January 06, 2005
The Silly Sex?
By
Ilana Mercer
[Recently by Ilana Mercer:
Muslim Immigration Time Bomb Ignored by American Jews]
In his recent monumental work,
Human Accomplishment, Charles Murray came up
with
4,002 subjects who, as a Times Literary
Supplement reviewer put it, “dragged their fellow
men out of wattle-and-daub hovels and pushed them into
space rockets.”
Of special interest is that women comprise only two
percent of these
achievers: Six physicists,
four mathematicians, five astronomers and
thirty-seven entrants for Western Literature. There were
no women philosophers of distinction and no front-rank
composers.
In fairness, the legal emancipation of women only began
in earnest in the 19th century—a situation that
parallels the predicament of the Jews.
“Until the end of 18C
throughout Europe, and well into 19C in most parts of
Europe,”
writes Murray, Jews “lived under a regime of
legally restricted rights and socially sanctioned
discrimination as severe as that borne by any population
not held in chattel slavery.”
But where have women been since 1950? Over the last five
decades women, who make up roughly 50 percent of the
world's population, have claimed only 2 percent of the
Nobel Prizes in the sciences. In literature, women
have claimed only 8 percent. No woman has won a Nobel in
economics.
During that period Jews, who comprise less than 0.5
percent the world's population, have claimed 32 percent
of the Nobel Prizes for medicine, 32 percent for
physics, 39 percent for economics and 29 percent
of all science awards.
One possible explanation for this discrepancy:
the alleged greater variability in men’s intelligence.
The “Bell
Curve” of their IQ distribution seems to be less
bunched around the median IQ than that of women. They
are, consequently, more likely to enjoy very high but
suffer very low IQs.
The subjects in which so few women have demonstrated
excellence require particularly high IQs. And
women, so the theory goes, simply have
fewer high IQs.
However,
Professor Richard Lynn, co-author of
IQ And The Wealth Of Nations, argues that
men enjoy an advantage in average IQ—their median may be
as much as five points above that of women. This means
that there are even more high IQ men than women. At an
IQ of 145 there are about ten men to one woman.
The other popular but less credible explanation
involves the equal-but-different
approach to aptitude. Men are better at math,
spatial and mechanical reasoning; women at verbal
skills. Women’s mathematical reasoning might not be as
good as men’s on average but women, according to this
theory, make up for it with superior verbal fluency and
artistic flair.
Lynn, working from his developmental theory of sex
differences in intelligence, demonstrates that while men
do enjoy the aforementioned advantage, adults are, on
average, equal in verbal ability, with one minor
exception: women are better at spelling and foreign
languages.
Women’s relatively scant accomplishments in the second
half of the 20th century as quantified
objectively by Murray certainly puts meat on the bones
of Lynn’s findings.
Since 1950, women have won only five Nobels in
literature. And some of those are questionable. How can
one put
Toni Morrison into the literary company of
Patrick White,
Albert Camus, and
Isaac Bashevis Singer?
In past years, the literature prize went to authors of
the caliber of
J. M. Coetzee,
Günter Grass, and
V.S. Naipaul.
But last year, Austrian writer
Elfriede Jelinek was awarded the literature prize.

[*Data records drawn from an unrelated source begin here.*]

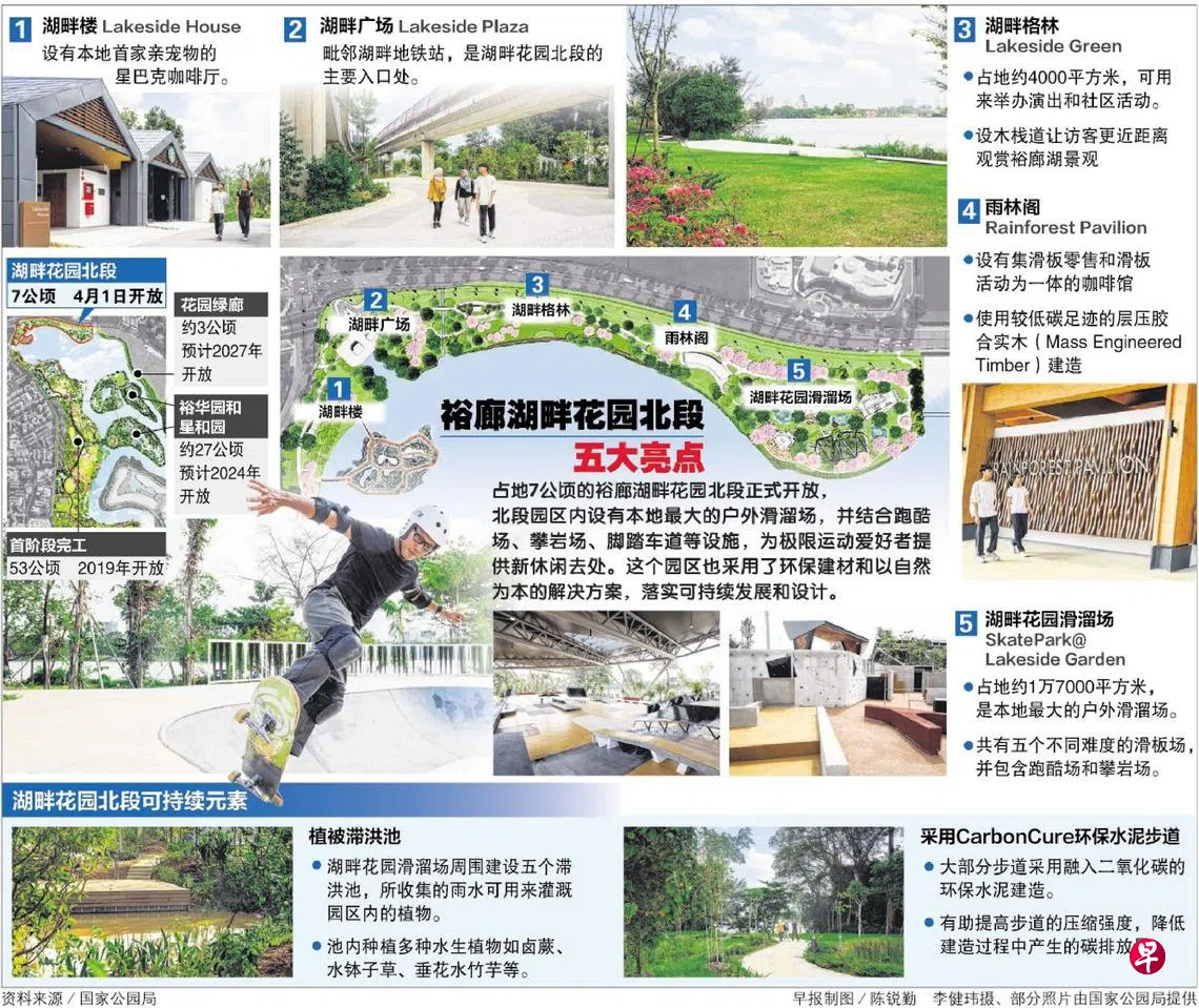 占地7公顷的湖畔花园北段星期六(4月1日)正式开放。湖畔花园北段内几乎所有步道都采用CarbonCure环保水泥制成。这一技术通过将二氧化碳转化成可嵌入水泥结构的纳米矿物质,从而提高建筑的压缩强度,同时降低建造过程的碳排放量。
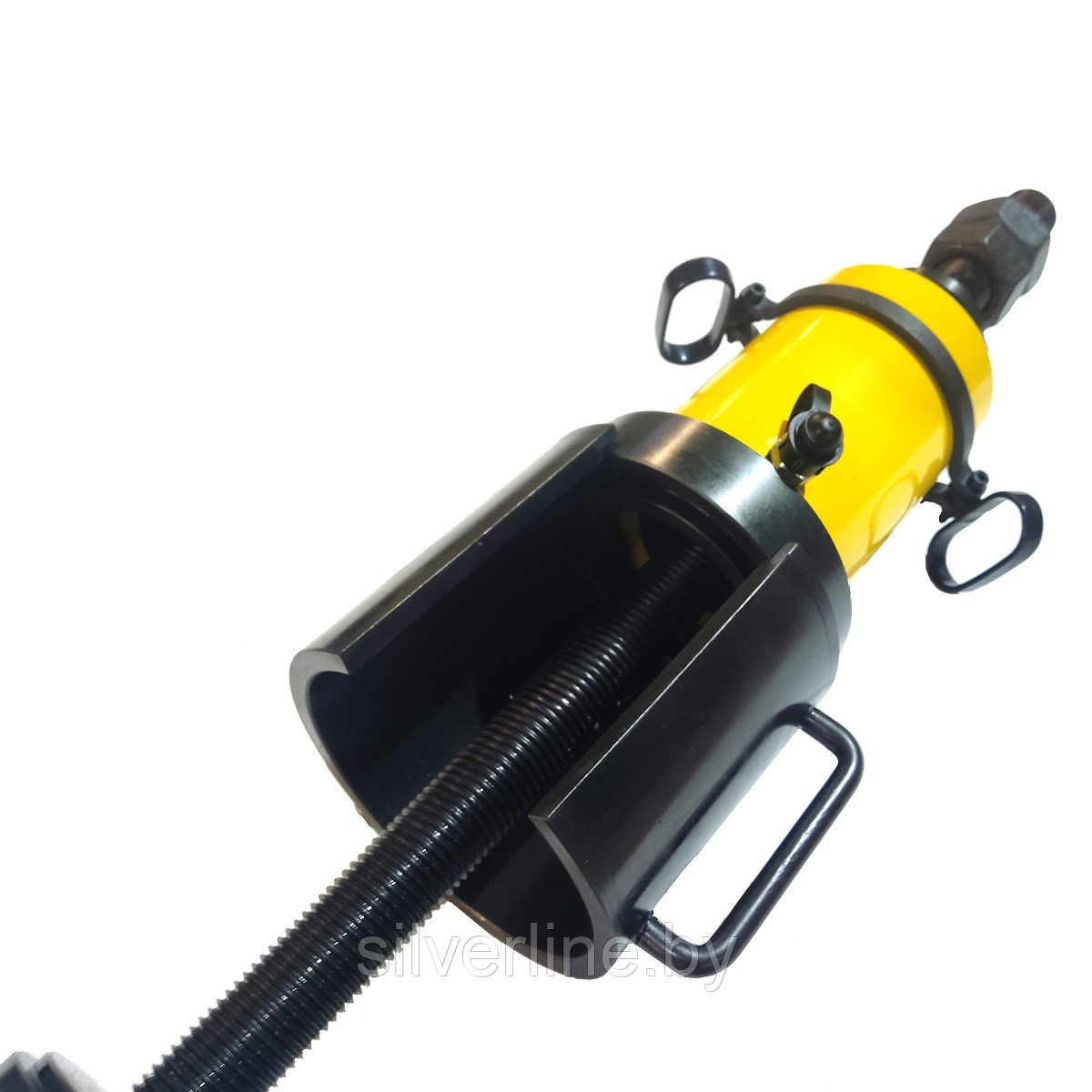 Выпрессовщик ODA-V1339 предназначен для снятия и установки втулок рукояти, стрелы и прочих узлов тяжелой строительной техники, лесозаготовительных и горных машин и прочих транспортных средств, а также различного грузоподъёмного оборудования. Позволяет производить работы по замене втулок и стаканов без применения ударного инструмента и применения сварки для наплавки внутреннего утягивающего шва.
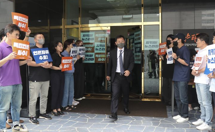 뉴스타파, 구호 외치고 대치…野 "대언론 선전포고"
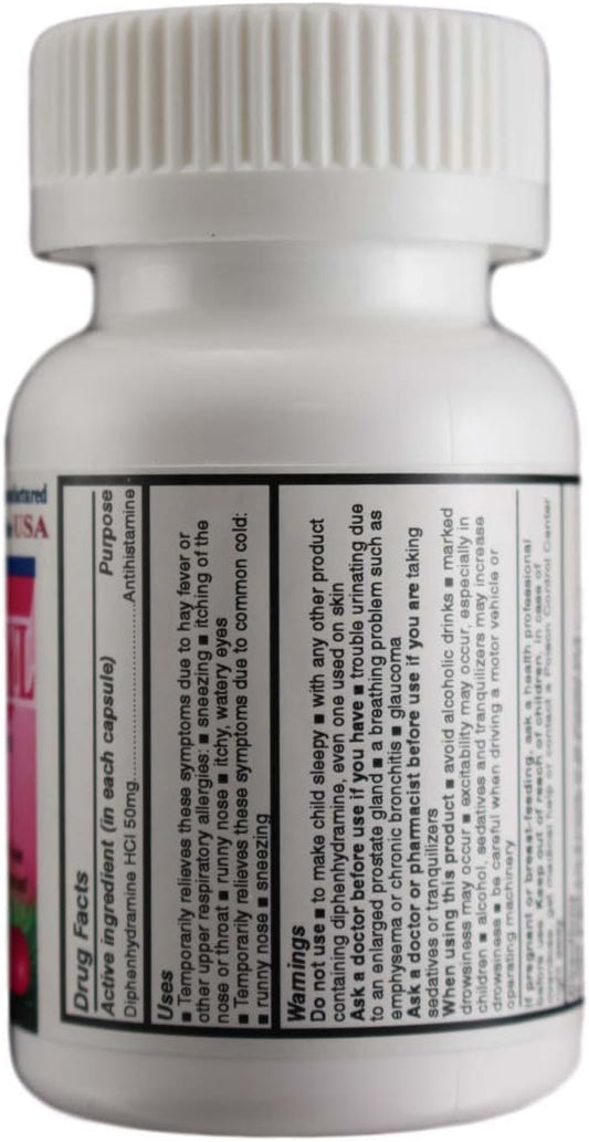 Pharbedryl Diphenhydramine HCI 50mg Allergy Medicine & Antihistamine - 100 Capsules by Advance Pharmaceutical
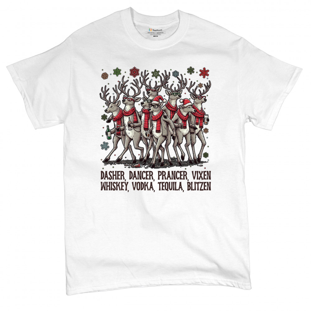 This funny holiday design features a squad of drinking reindeer carrying bottles and dressed in scarves for the ultimate Christmas party vibe. Great for bar crawls, office parties, winter gatherings, adult holiday events, white elephant exchanges, festive nights out, and anyone who loves spirited Christmas humor with a cheeky personality.

I’m not suggesting the grumpy Jelinek is a fraud like
Guatemalan leftist and Peace Prize winner
Rigoberta Menchu. Some of Jelinek’s dusty
works, translated crudely into English, showcase some
skill (if one can stomach the contrived subject matter).
However, unlike her male predecessors, she is better
known for
politically correct posturing than for penning
memorable works of literature.
Questions also surround this year’s choice for the most
prestigious prize in medicine. I personally doubt
whether Linda B. Buck’s olfactory discoveries warranted
a
Nobel (shared with Richard Axel). For example, this
year’s Nobel winners in Chemistry—two
Israelis and one American—appear to dwarf the Buck
and Axel smell sensation.
Was the committee compelled perhaps to showcase
at least one female scientist?
To overcome the shortage of women in male-dominated
professions, some institutions are stacking the deck.
Statistician
La Griffe du Lion has
documented the campaign to make entry into
engineering schools easier for women. To overcome the
advantage that men have on the crucial mathematical
reasoning sections of the admission tests, educational
administrators are devising subtle ways to lower
standards.
On a lighter note, look at the zany world of reality
television—as presented in this scene from the first
season of
The Apprentice.
The task confronting the two competing teams was to
refurbish and rent out two apartments. The team
leaders—Katrina Campins and Troy McClain—were vying for
the best apartment. Campins, tart and schoolmarm rolled
into one, is a real estate “expert,” but is
unsure which apartment is the better bet.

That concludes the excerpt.